WE’VE HEARD it far too often. The so-called “industry experts” and media commentators telling you that the best way to choose an agent is to simply obtain 3 “Market Appraisals” with the aim of choosing the agency that offers you the middle price!
In this theory, the agent that suggests the ‘middle price’ is supposedly more ‘on the mark’ than the other two agents. This is because, according to their thinking, the agent who quoted highest is “buying your listing”; and the lowest priced quote is given by someone who simply doesn’t know what they’re doing!
In other words, the agent with the highest quote has told you that your property is worth a price they hope you’ll find irresistible. (Of course, on the face of it, if one agent said you should list at ten thousand dollars more than the next agent, it’d be a pretty attractive proposition, wouldn’t it?) Well, perhaps. But like everything there’s more to it than meets the eye, and we’ll look at this more in a minute.
What about the agent who quoted the lowest figure? Well, the theory goes that they simply don’t know what they’re talking about and won’t try hard enough for you!
So you’re told that the agent “in the middle” is your best bet.
If you were to blindly go with the advice from these so-called “experts”, you potentially stand to lose out – big time.

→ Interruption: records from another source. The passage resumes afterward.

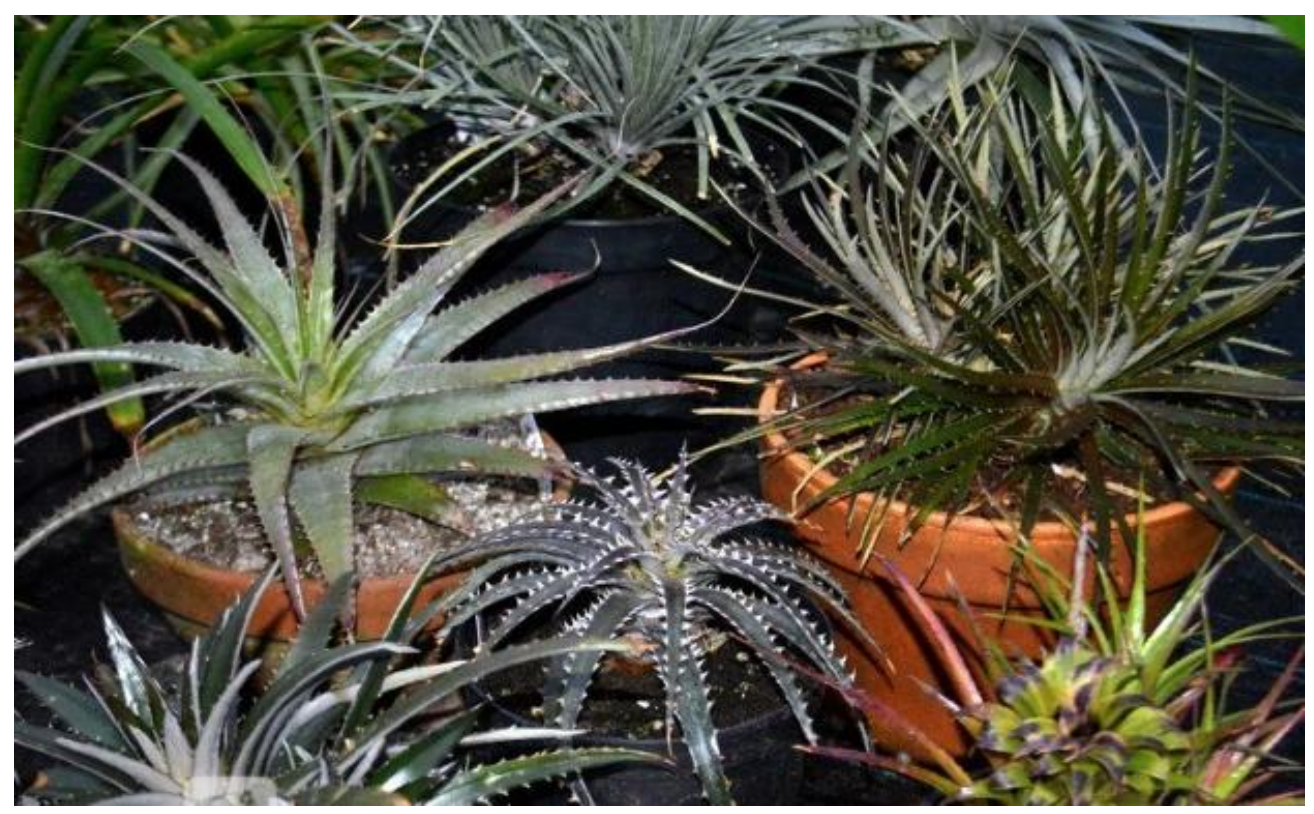
We are excited to bring back our Bromeliad Show & Tell this January, and this month's focus will be on Terrestrial Bromeliads . These fascinating plants grow in soil, much like other terrestrial species. If you have any specimens you'd like to share, or questions you'd like to ask our experts, please feel free to bring them in. We look forward to seeing your plants and learning from each other!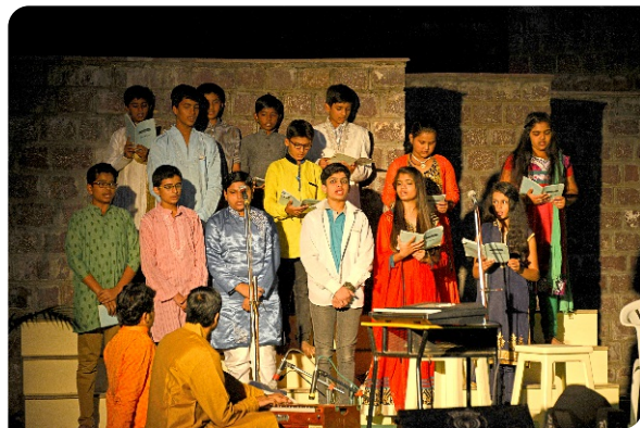
A prayer to Ma Saraswati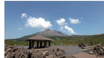
Arimura Lava Observatory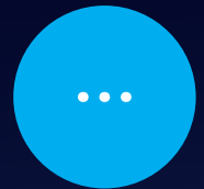
AND MANY MORE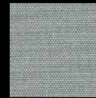
DARK GREY - 010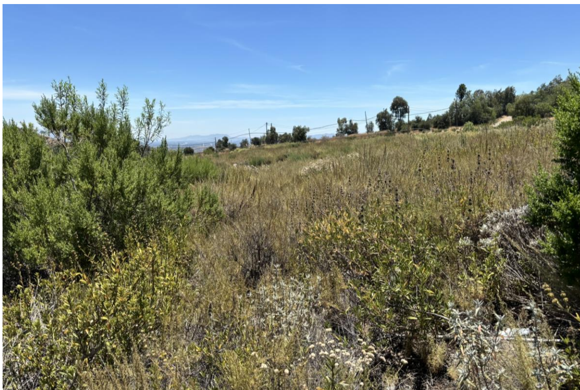
Healthy stand of Venturan CSS species growing on Deck B

ARCHITERRA DESIGN GROUP 10221-A TRADEMARK STREET, RANCHO CUCAMONGA, CA 91730 Phone (909) 484-2800, Fax (909) 484-2802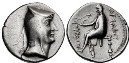
Example with soft cap, Drachm of Arsaces I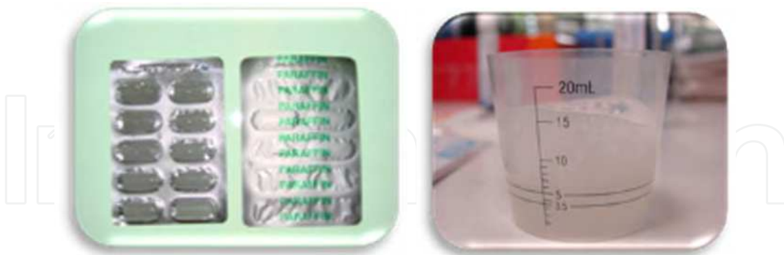
Fig. 4. Stimulated salivary flow.

glands, thyroid insufficiency, Sjögren's syndrome or medicaments (neuroleptics, antidepressants and antihypertensives) (Harris & García-Godoy, 2001) (Fig. 4)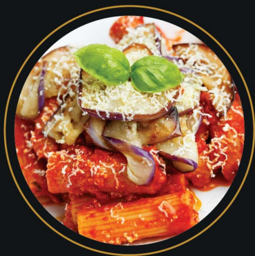
Pasta alla Norma

You see, this strategy assumes all three agencies offer a comparable service and are similarly placed in the crucial areas of marketing and negotiation skills.
Of course, nothing could be further from the truth! Choosing an agency using this strategy is potentially fatal. It could easily lead to the “under selling” or “over selling” of your property and the loss of thousands of dollars.
The Key:
Choosing any agent based purely on the basis of obtaining three quotes and then going with the ‘middle ground’ quote can cost you dearly - in time and money. There are other, more important criteria to consider when choosing an agent, which brings us to the second fatal mistake… No Interview = No Information = Thousands $$$$$ Lost. But first, a cautionary word…
Under Selling is clearly dangerous.
You could stand to lose thousands of dollars in the negotiating process, particularly if your agent isn’t a highly skilled negotiator – and after all, only a poor negotiator would list a property under its true value to begin with.
Over Selling is where the listed price is higher than what the market will bear.
This is dangerous, as it will severely limit interest in your property and lead to an increased time on the market, impacting negatively on its perceived value and eventual selling price.
The Middle Ground appraisal in fact may well be still under selling or overselling the property! How will you know unless you have a thoroughly prepared CMA to go by? Don’t automatically assume the middle quote is correct.
Ask for a Comparative Market Analysis (commonly referred to as a ‘CMA’).